Incredibly, it seems clear that at some point during the century relatively ordinary people in parts of the West Pennines became strongly influenced by von Nettesheim. Heinrich Cornelius Agrippa von Nettesheim was a German magician and theologian who died in 1535. In 1510 in ‘De occulta philosophia’he claimed that there was a primal celestial script revealed directly to Man by angels. It can be used to codify text. The magic numbers box which appears on the Daubers’ charm matches von Nettesheim numerically precisely – although it had been further coded in the process.
In ‘De occulta philosophia’ (1510), von Nettesheim used a magic square of the sun with diagonal totals of 111 and an overall total of 636. Hebrew Kabbalistic names were produced via the match between numbers and letters of the Hebrew alphabet. Numerically, it turns out to be a perfect match to the Foulridge one:
6+11+16+21+21+31 = 111 and 36+29+22+15+8+1 = 111.
Note here that are both are sequential in their ordering. They should spell out the names of the magical names for the Spirit but they need to be put through the Hebrew alphabetical box for that. The cipher does not produce anything in itself even though each symbol not only has an associated number but also an associated letter.
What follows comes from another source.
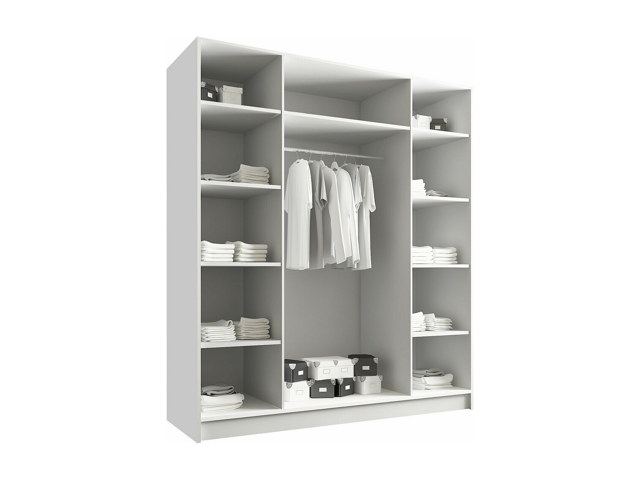 Armoire Closico 190, Doré|Blanc, 215x200x58cm, Portes d'armoire: Avec des charnières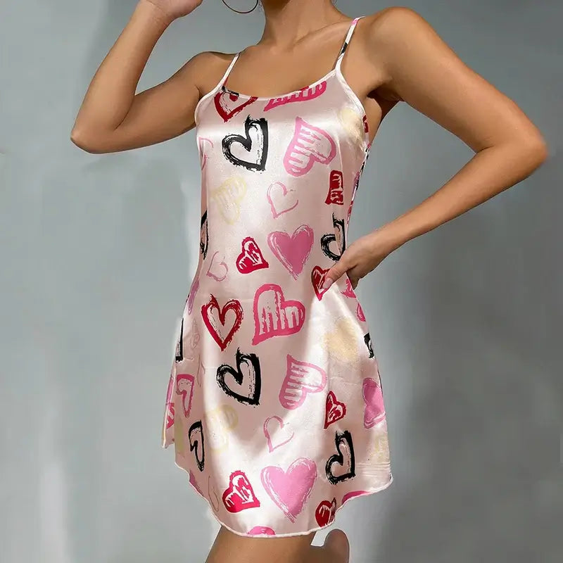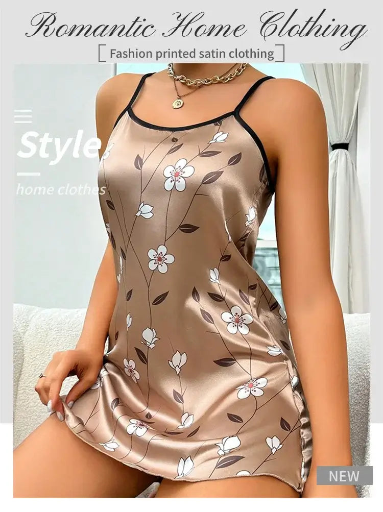 Women's Sleepdress Satin Floral Print Nightdress Comfortable Spaghetti Strap Sleepwear Dress Luxurious Satin Slip Nightdress

The Fourth Book of the ‘Occult Philosophy’ ,reputed to have been written by Agrippa von Nettesheim, in its second publication (undated but very probably around 1600) the supplementary material included the other three books of the Occult Philosophy. The Heptameron gives all sorts of charms for recitation based upon Jewish Kabbalism but none fit the ‘gibberish’ recounted below except for the repetition of ‘Tetragrammaton’. To the modern reader the whole experiment might smack of ‘paganism’ but Robert Turner’s translation published in 1665 (British Library Rare Books 719/f16) was careful to distance the work from pagan uses of magic to the ‘unprejudiced reader’ saying that witchcraft and sorcery “are works done merely by the devill”. However, there is a‘third kind of magic’ which “bringeth to light the inmost vertues and extracteth them out of Natures hidden bosome to humane use”. It also (correctly) draws upon the Persian origins of the ‘magus’ and the links to Zoroaster. It was evidently transmitted to Lancashire via a complex chain including German occultism and Spanish Jewish Kabbalah.
Apanton hora camab
Araptenas ro dignasque
Inverna amo Th.
Dominus deus hora q
Fiat fiat fiat.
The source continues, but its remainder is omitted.